The broader point is that not one of the technological interventions we encounter in these visions is autonomous. If the way we actually experience touchless entry systems, CCTV cameras, dynamic parking schemes, adaptive recycling bins and the other smart-city paraphernalia we´re routinely presented with depends on the specific performative qualities of the technical systems involved, it also depends on the ways in which these qualities mesh, or fail to mesh, with local practices, activities, laws and habits. All of these operate in ensemble to produce meaning.

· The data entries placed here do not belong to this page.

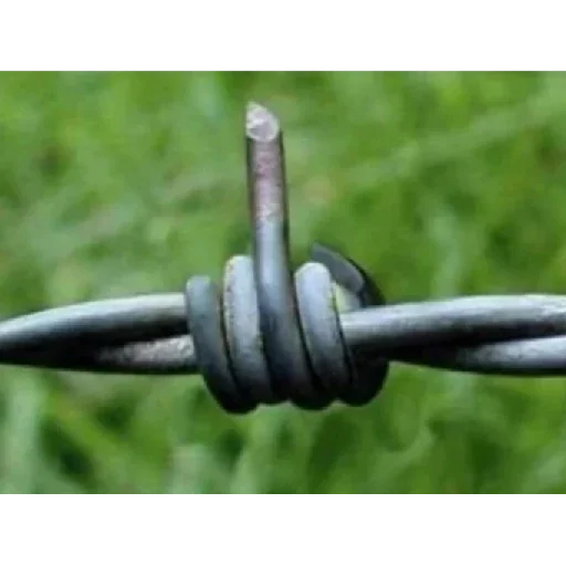 Arame farpado com uma ponta afiada em um campo verde desfocado.
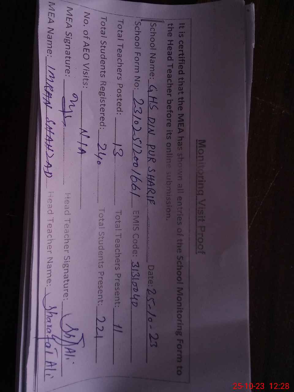 | Attendance Register | Head Teacher | MEA with School | Visit Proof |
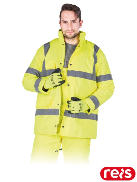Kurtka zimowa o intensywnej widzialności idealna dla drogowców.- powłoka 100% poliester Oxford powlekany poliuretanem- wyściółka 100% poliester o gramaturze 160 g/m2- podszewka 100% poliester typu tafta 190T- zapinana na suwak z dodatkowym zapięciem na napy, kaptur chowany w kołnierzu- po zewnętrznej stronie trzy kieszenie, w tym jedna na komórkę zapinana na rzep- od wewnątrz dodatkowa kieszeń zapinana na rzep- dół kurtki ściągany na gumkę- pikowana od wewnątrz, dzięki czemu zapobiega przesuwaniu się ociepliny- spełnia wymogi normy EN ISO 20471 (klasa 3)
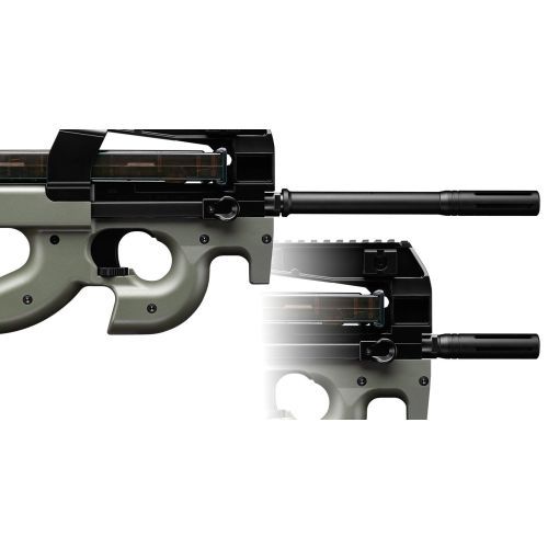 Weighing just 1,918g (long barrel) or 1,900g (short), the bullpup design places the action behind the trigger for superior balance and a low visual profile. Grip the enlarged trigger guard as a forward handle for rock-solid stability, and break down the rifle into three major components—magazine, barrel unit, and receiver—just like the real PS90 for easy maintenance and transport.
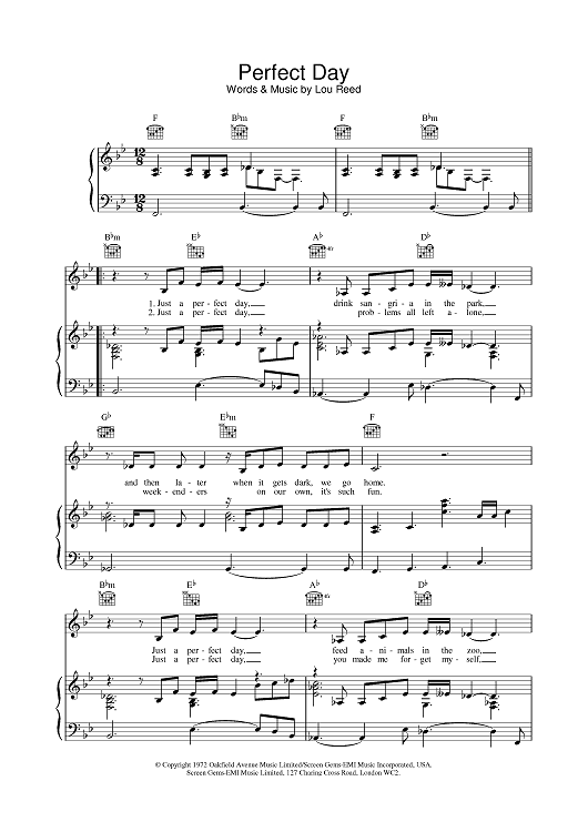 Digital Sheet Music for Perfect Day by Lou Reed scored for Piano/Vocal/Chords; id:379034
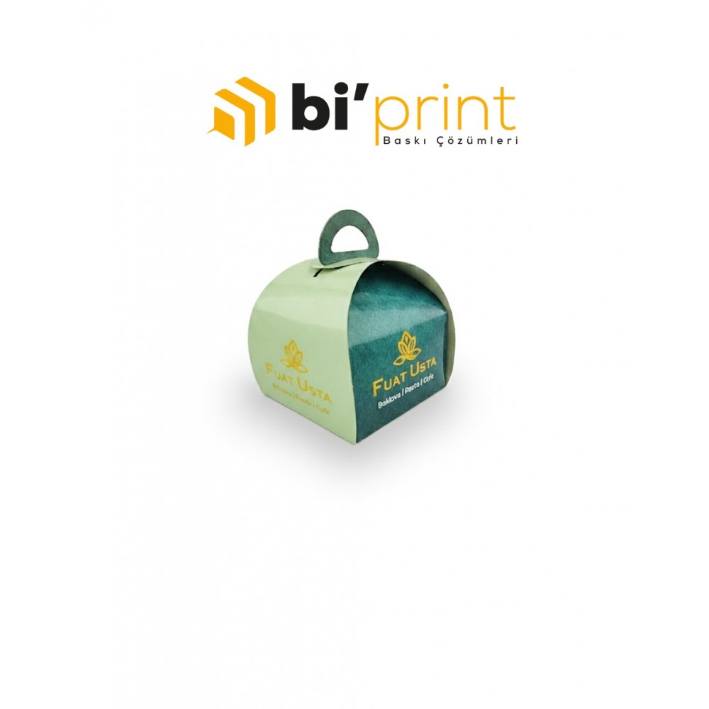 Genel ÖzelliklerBAKLAVA ÇANTASI 1 KG19,5x28,5cm, Yükseklik 18cm250/m2 Bristol KartonRenkli BaskıVara..
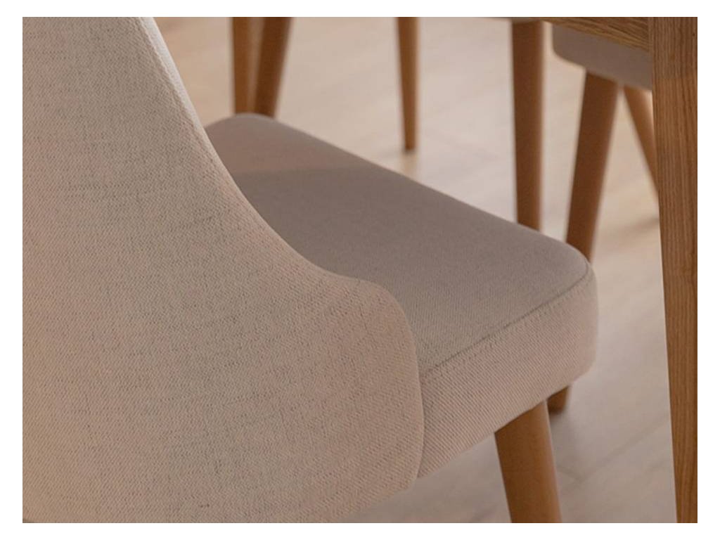 Čalúnenie je vyrobené z vysokokvalitnej šenilovej tkaniny s gramážou 380 g/m², ktorá je odolná proti oderu a ľahko sa čistí, čo zaručuje dlhú životnosť kresla. Sedadlo je vyplnené polyuretánovou penou s tvrdosťou T-35 a čalúnením, ktoré poskytuje maximálny komfort sedenia.
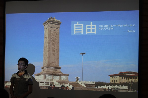 此次理论学习的主题是“社会主义核心价值观与个人价值准则”。活动由“习近平总书记五四讲话精神解读动画”引入话题,然后通信1202班靳京、信安1201班金佩两名学生党员进行了“人民有信仰,国家才有力量:论社会主义核心价值观内容内涵”的主旨宣讲。他们从国家、社会、个人三个层面分别解读了社会主义核心价值观“富强、民主、文明、和谐,自由、平等、公正、法治,爱国、敬业、诚信、友善”24字内涵。
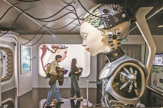 12月4日,北京,EDCC艺云数字艺术中心(王府井),观众在观看《灵境·未来灵感世界》展览。据了解,该展览通过AIGC、8K超高清、交互传感、VR、裸眼3D等数字技术,融合中国传统文化和西方优秀文化IP,打造沉浸式、参与式的数字艺术馆,为公众提供丰富的数字文化大餐。本报记者 蔚可任 摄
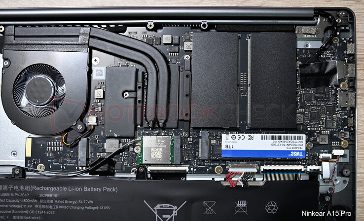 La comparación entre el Ninkear A15 Pro y el Chuwi CoreBook Plus es interesante en el sentido de que ambos portátiles parecen utilizar la misma placa base. La CPU está soldada permanentemente, por lo que no hay posibilidad de que el fabricante realice cambios después de la producción. La marca serigrafiada en la placa base es "EM_AB8139_S_2C_V1.1", que es idéntica en ambos dispositivos y hace referencia al fabricante del diseño original, Emdoor Digital (Shenzhen Emdoor Information Technology). Nuestra muestra de prueba de Chuwi afectada por el fraude de la CPU (CoreBook Plus a partir de marzo de 2026) se fabricó probablemente mucho más tarde que nuestro Ninkear A15 Pro no afectado, cuyo análisis tiene ya casi un año. Por cierto, nuestra Chuwi CoreBook X afectada (EM_AL525_ENE_CW_V3.2) también procede de Emdoor Digital, nuestra revisión de septiembre de 2025.
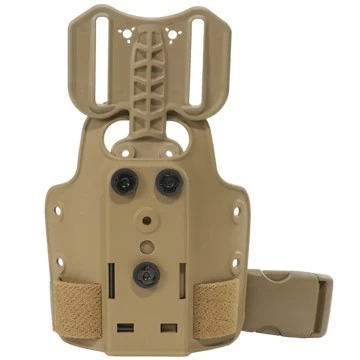 6004-25-2This Single Strap Leg Shroud with Drop Flex Adapter (DFA) combination is an add-on part for Safariland® holsters. The DFA replaces the standard vertical leg strap and raises the height of the system on the thigh for increased stability. It accepts belt widths between 2” - 2.25" (50 mm - 58 mm). The thigh plate has mounting holes for attachment of 2 Safariland® tactical accessories. The leg shroud features a silicone strap for non-slip traction. Offered in Black, FDE Brown, OD Green, or Foliage Green.

The minutiae of business models, pricing plans, tariffs, spectrum-allocation policy, or the internal organization of bureaucracies will have as much to do with a given presentation´s prospects for success as anything listed on a product spec sheet. And this makes individual technologies very, very hard to dissect out, consider in isolation or successfully transplant”. Adam Greenfield – Against the smart city

The myth of the intrinsic desirability, or how the ideology of technological enthusiasm infiltrates the message of “Do you really want to be the last one to be smart”?
The first tenet of our new civics is that we should never default to smart technology as the solution. It´s tempting to think that new gadgets always offer better solutions to old problems. But they are just another set of tools in an already well-equipped box. (...)Treat smart as an add-on, an upgrade, and not the end itself. The best thing about smart technologies is that you don´t have to clear-cut your existing city to make way for them” Anthony Townsend – Smart cities. Big data, civic hackers and the quest for new utopia
And, finally, the newest addition to the list. The myth of system integration and how integration is not a goal itself and only leads to the quintessential representation of the smart city dream, which is nothing but an operations centre which is, well, not really new, ¿isn´t it? I still need to make the case for this one.

The final part of the text is, obviously, an attempt to build different imaginary. What kind of concepts should we work with to think cities in a networked society in a different way? This is still in a very draft manner and won´t progress in the next few weeks while I refine the previous parts, but it will be the funniest one and, just for now, it only smells like something similar to what I wrote for the Smart Citizens book.